Although the records contain pictures, none belong in the copy: restate word for word only the lines from the one with "8Fouettez à l'aide" through the one with "Los mosaicos Quantum", both included.

» **DATA RECORDS**
▽

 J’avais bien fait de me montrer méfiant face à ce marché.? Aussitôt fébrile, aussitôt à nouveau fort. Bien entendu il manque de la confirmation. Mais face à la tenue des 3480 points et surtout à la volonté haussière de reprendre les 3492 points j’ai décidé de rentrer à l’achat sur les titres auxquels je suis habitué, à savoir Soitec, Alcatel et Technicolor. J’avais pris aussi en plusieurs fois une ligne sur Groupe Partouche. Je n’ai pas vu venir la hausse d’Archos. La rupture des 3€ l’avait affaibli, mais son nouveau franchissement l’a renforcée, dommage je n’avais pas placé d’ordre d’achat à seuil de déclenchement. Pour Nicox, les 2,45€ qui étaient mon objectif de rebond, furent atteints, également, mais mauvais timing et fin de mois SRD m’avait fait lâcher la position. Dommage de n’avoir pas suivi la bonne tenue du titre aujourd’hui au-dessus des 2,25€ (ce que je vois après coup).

△
▽

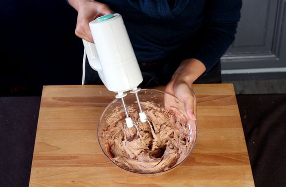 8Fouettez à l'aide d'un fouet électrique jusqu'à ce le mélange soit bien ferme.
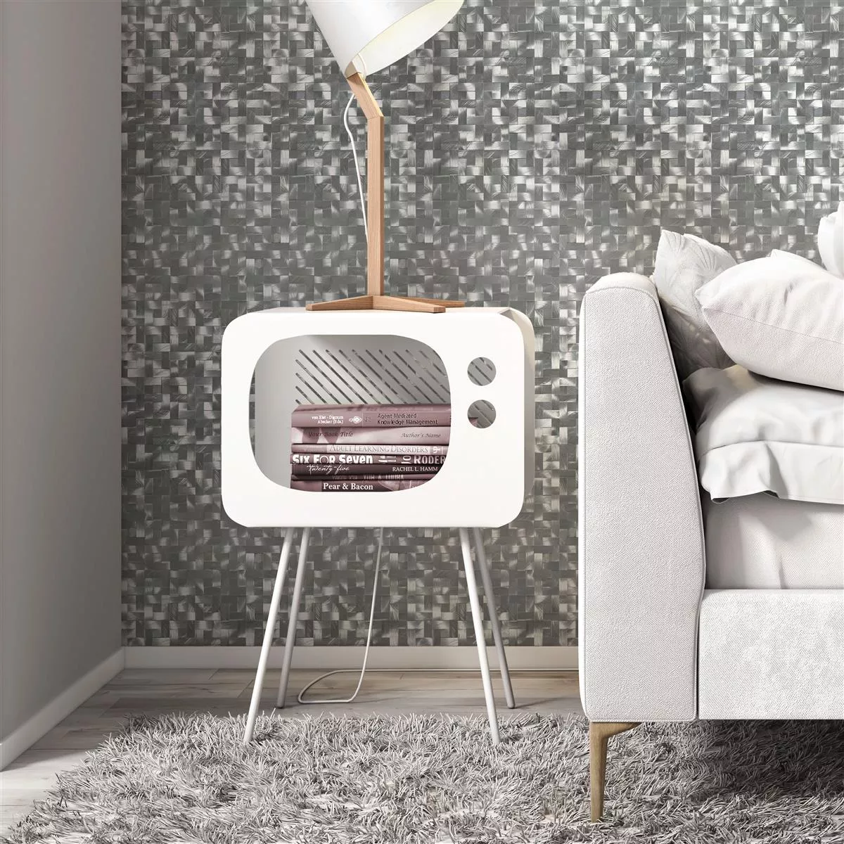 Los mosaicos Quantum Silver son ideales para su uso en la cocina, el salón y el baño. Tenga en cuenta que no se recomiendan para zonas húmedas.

△

» **PROBLEM SOLUTION**
 8Fouettez à l'aide d'un fouet électrique jusqu'à ce le mélange soit bien ferme.
 Los mosaicos Quantum Silver son ideales para su uso en la cocina, el salón y el baño. Tenga en cuenta que no se recomiendan para zonas húmedas.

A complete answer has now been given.